Answer:
a) mb = 0.0596 kg ; r = 0.974 m
b) a = 754 m/s^2 .. (Upward)
c) mL = 5.96 kg
Explanation:
Given:-
- The density of Mars atmosphere , ρ = 0.0154 kg/m^3
- The surface density of ballon, σ = 5.0g/m^2
Solution:-
(a) What should be the radius and mass of these balloons so they just hover above the surface of Mars?
- We will first isolate a balloon in the Mar's atmosphere and consider the forces acting on the balloon. We have two forces acting on the balloon.
- The weight of the balloon - "W" - i.e ( Tough plastic weight + Gas inside balloon). Since, the balloon is filled with a very light gas we will assume the weight due to gas inside to be negligible. So we have:
W = mb*g
Where, mb: Mass of balloon
g: Gravitational constant for Mars
- The mass of the balloon can be determined by using the surface density of the tough plastic given as "σ" and assuming the balloon takes a spherical shape when inflated with surface area "As".
As = 4πr^2
Where, r: The radius of balloon
So, mb = 4σπr^2
- Substitute the mass of balloon "mb" in the expression developed for weight of the balloon:
W = 4*σ*g*πr^2 ......... Eq1
- The weight of the balloon is combated by the buoyant force - "Fb" produced by the volume of Mars atmosphere displaced by the balloon acting in the upward direction:
Fb = ρ*Vs*g
Where, Vs : Volume of sphere = 4/3 πr^3
So, Fb = ρ*g*4/3 πr^3 ....... Eq 2
- Apply the Newton's equilibrium conditions on the balloon in the vertical direction:
Fb - W = 0
Fb = W
ρ*g*4/3 πr^3 = 4*σ*g*πr^2
r = 3σ / ρ
r = 3*0.005 / 0.0154
r = 0.974 m .... Answer
- Use the value of radius "r" and compute the "mb":
mb = 4σπr^2
mb = 4*0.005*π (0.974)^2
mb = 0.0596 kg ... Answer
(b) If we released one of the balloons from part (a) on earth, where the atmospheric density ρ = 1.20kg/m^3, what would be its initial acceleration assuming it was the same size as on Mars? Would it go up or down?
- The similar analysis is to be applied when the balloon of the same size i.e r = 0.974 m and mass mb = 0.0596 kg is inflated on earth with density ρ = 1.20kg/m^3.

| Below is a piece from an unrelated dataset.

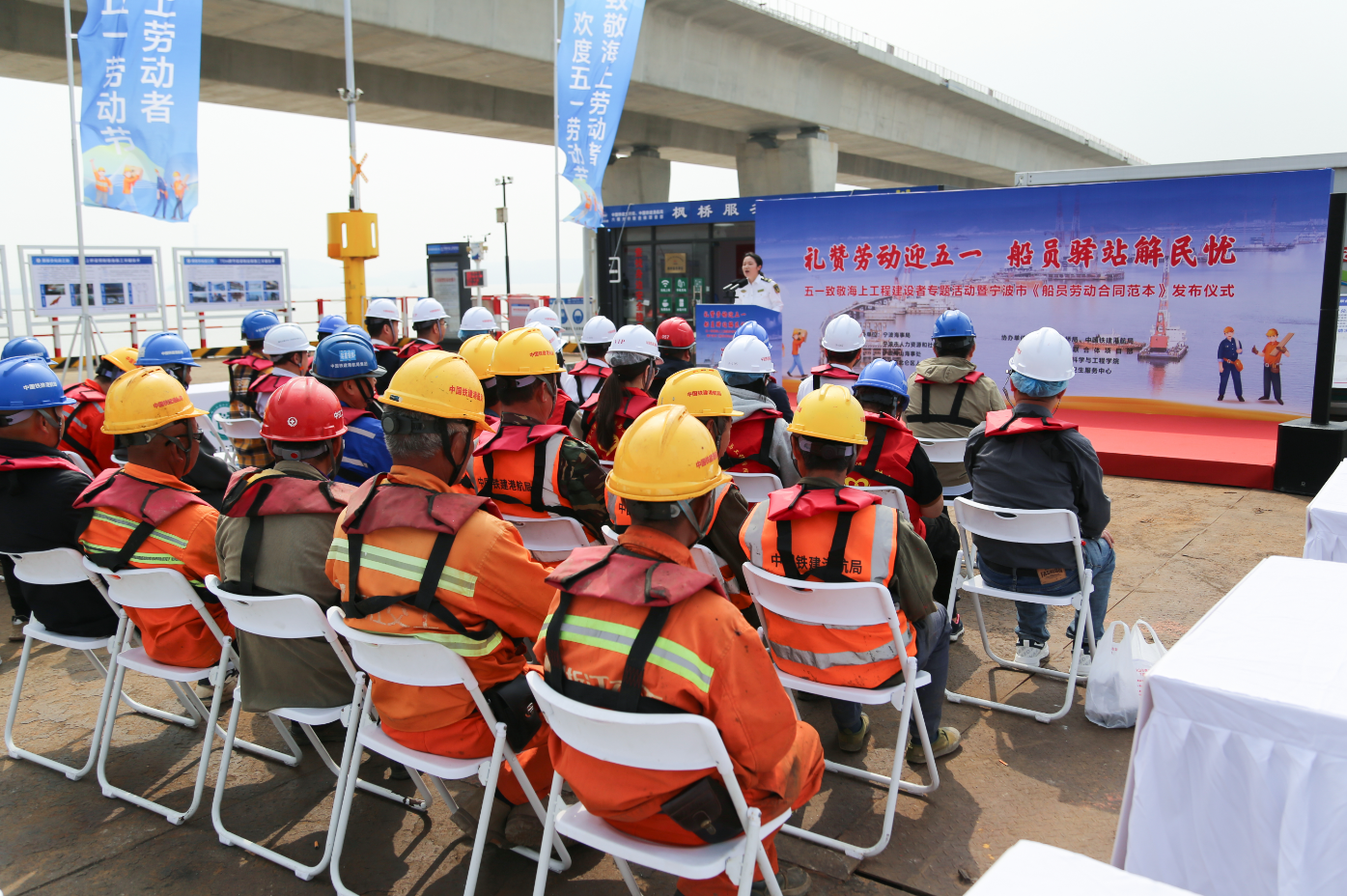 4月28日,宁波海事局联合宁波市人力资源和社会保障局、六横公路大桥二期项目经理部举办“礼赞劳动迎五一船员驿站解民忧”暖心专题活动,为坚守在重大涉水工程一线的项目管理者、船员和施工工人们送上一份特殊的节日礼物。

- Now see that the buoyant force acting on the balloon due to earth's atmosphere is different from that found on Mars. So the new buoyant force Fb using Eq2 is:
Fb = ρ*g*4/3 πr^3
Where, g: Gravitational constant on earth = 9.81 m/s^2
Fb = (1.20)*(9.81)*(4/3)* π*(0.974)^3
Fb = 45.5 N
- Apply the Newton's second law of motion in the vertical direction on the balloon:
Fb - W = mb*a
Where, a: The acceleration of balloon
a = (Fb - W) / mb
a = Fb/mb - g
a = 45.5/0.0596 - 9.81
a = 754 m/s^2 (upward) ..... Answer
c), d) If on Mars these balloons have five times the radius found in part (a), how heavy an instrument package could they carry?

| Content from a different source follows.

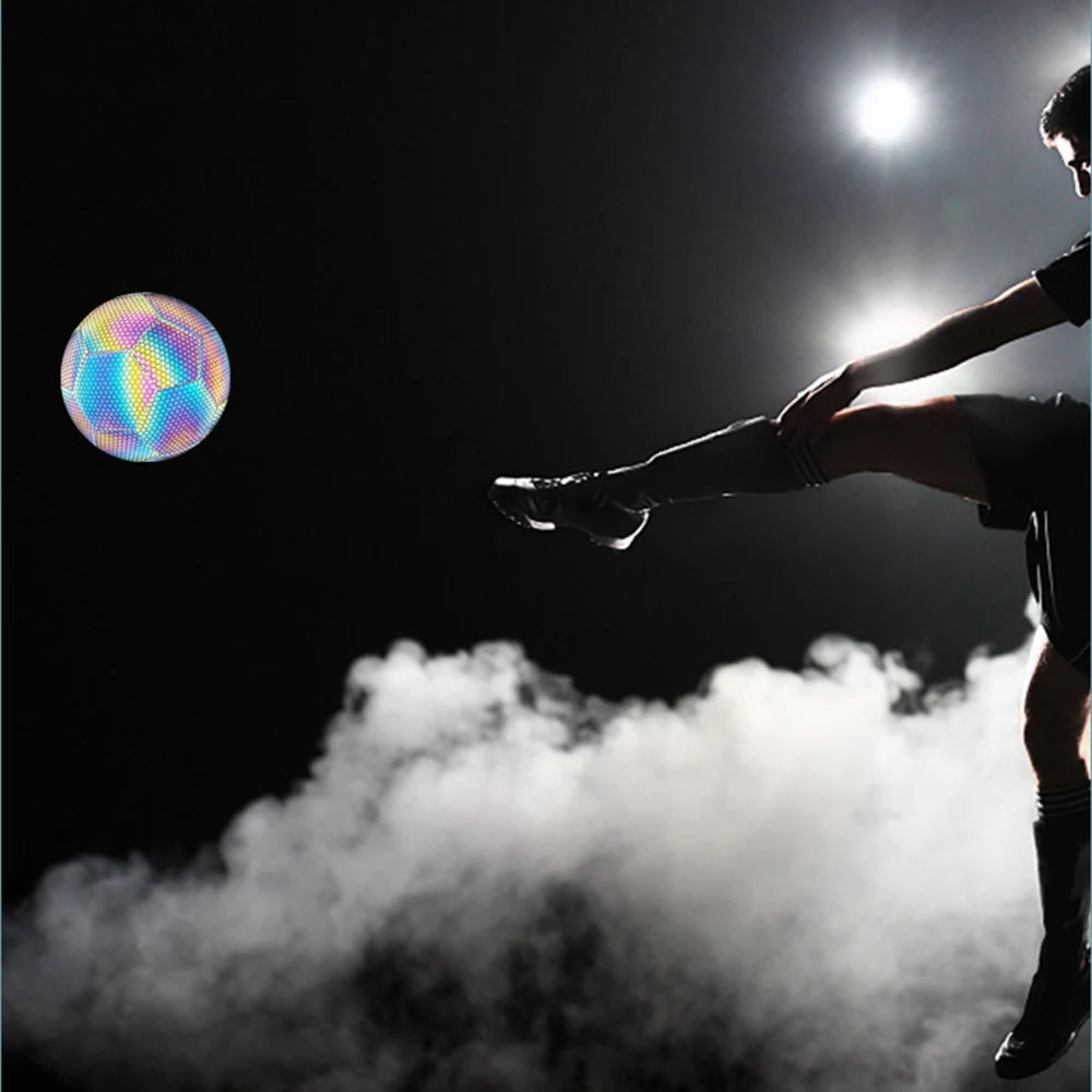 Elevate your game with the Magic Reflective Soccer Ball! Featuring cutting-edge reflective technology, this ball lights up brilliantly under camera flashes, making every shot and skill move unforgettable. Perfect for night games, social media highlights, or just standing out on the pitch. Durable, eye-catching, and ready to play. Grab yours today! Size 5.

- The new radius of the balloon - "R" -is five times what was calculated in part (a):
- Apply the Newton's equilibrium conditions in the vertical direction on the balloon with the addition of downward weight of load "WL":
Fb - W - WL = 0
WL = Fb - W
mL*g = ρ*g*4/3 πR^3 - 4*σ*g*πR^2
Where, mL : The mass of load due to instrument package
mL = ρ*4/3 πR^3 - 4*σ*πR^2
mL = 0.0154*4/3*π*(5*0.974)^3 - 4*(0.005)*π*(5*0.974)^2
mL = 7.45 - 1.45
mL = 5.96 kg ..... Answer